Distributed ledger technology (DLT) and blockchain, like Bitcoin and Ethereum, may be more vulnerable to centralization risks than initially thoughtaccording to Trail of Bits.
The security firm on Tuesday published its report titled “Are Blockchains Decentralized?” (Are blockchains decentralized?), which was commissioned by the Defense Advanced Research Projects Agency (DARPA) of the United States Government.
The report aims to investigate whether blockchains, including Bitcoin and Ethereum, are truly decentralized.although the report appears to focus primarily on Bitcoin.
Among its main conclusions, the security company discovered that stale Bitcoin nodes, unencrypted blockchain mining pools, and most unencrypted Bitcoin network traffic passing through only a limited number of ISPs could leave room for various actors to gain excessive, centralized control over the network.
bitcoin nodes
The report stated that a subnetwork of Bitcoin nodes is largely responsible for reaching consensus and communicating with miners and that a “vast majority of nodes do not contribute significantly to the health of the network”.
He also found that the 21% of Bitcoin nodes are running an old version of the Bitcoin Core client, which is known to have vulnerability issues such as consensus bugs.
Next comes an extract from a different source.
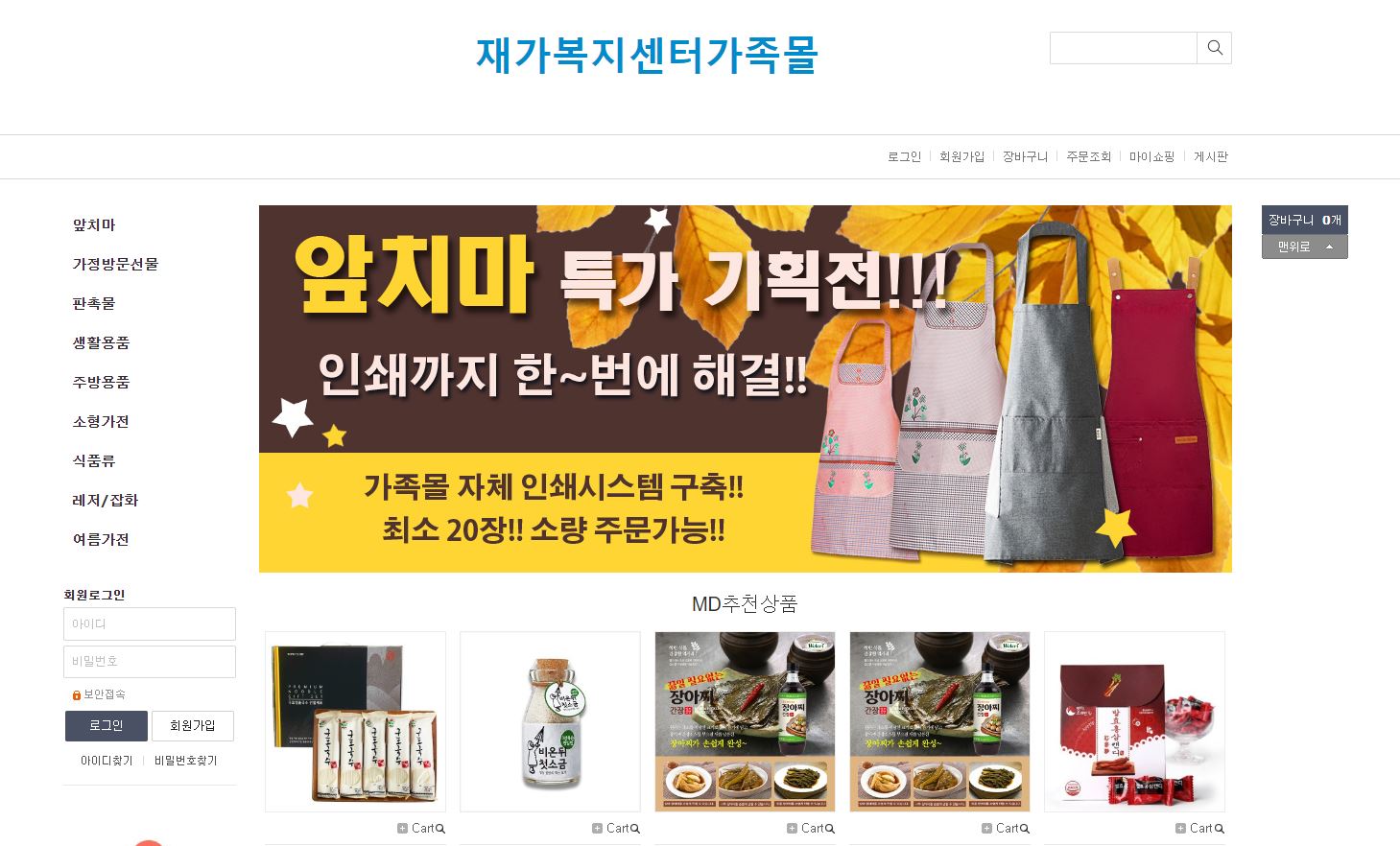 재가복지센터 가족몰 홈페이지

He states that “it is vital that all DLT nodes run on the same latest software version, otherwise consensus errors can occur and lead to a blockchain fork.”.
A Bitcoin node is any computer that stores and verifies blocks on the blockchain. Nodes are used to monitor the health and security of the Bitcoin blockchain and validate the correctness of transactions.. The current version that all nodes must be running is Bitcoin Core 22.0.
Another conclusion of the report is that the protocol of the Bitcoin mining pool, Stratum, is not encrypted or authenticated..
This means that malicious attacks can be performed to “estimate a miner’s hashrate and payouts in the pool” and “manipulate Stratum messages to steal CPU cycles and payouts from mining pool participants”.
Channeling through ISP
The authors also found vulnerabilities in the infrastructure, based on the fact that Bitcoin protocol traffic is not encrypted and 60% of network traffic passes through just three ISPs..
This is a problem because “ISPs and hosting providers have the ability to arbitrarily downgrade or deny service to any node”.
The report contains 26 pages of detailed information, data and infographics. DARPA was founded in 1958 and is responsible for developing emerging technologies for use by the United States Department of Defense agency and the US military. Trail of Bits is a cybersecurity research and consulting firm that was contracted by DARPA to produce the report..
The report comes at an interesting time, after concerns about centralization were raised at Solana.
On Sunday, the decentralized financial lending (DeFi) protocol Solana-based Solend spontaneously crafted a governance proposal with the aim of taking over the wallet of a whale facing liquidation that threatened to embarrass Solend and its users.
The proposal, which was approved by a whale, saw the immediate response from Twitter, and the creation of another governance vote to invalidate the previously approved proposal. Observers argue that the move could cause damage to DeFi’s overall image, as taking control of one of Solend’s wallets means DeFi’s fundamental principles are called into question, and reversing a vote wasn’t much better..
Clarification: The information and/or opinions expressed in this article do not necessarily represent the views or editorial line of Cointelegraph. The information set forth herein should not be taken as financial advice or investment recommendation. All investment and commercial movement involve risks and it is the responsibility of each person to do their due research before making an investment decision.
Keep reading:
Investments in crypto assets are not regulated. They may not be suitable for retail investors and the full amount invested may be lost. The services or products offered are not aimed at or accessible to investors in Spain.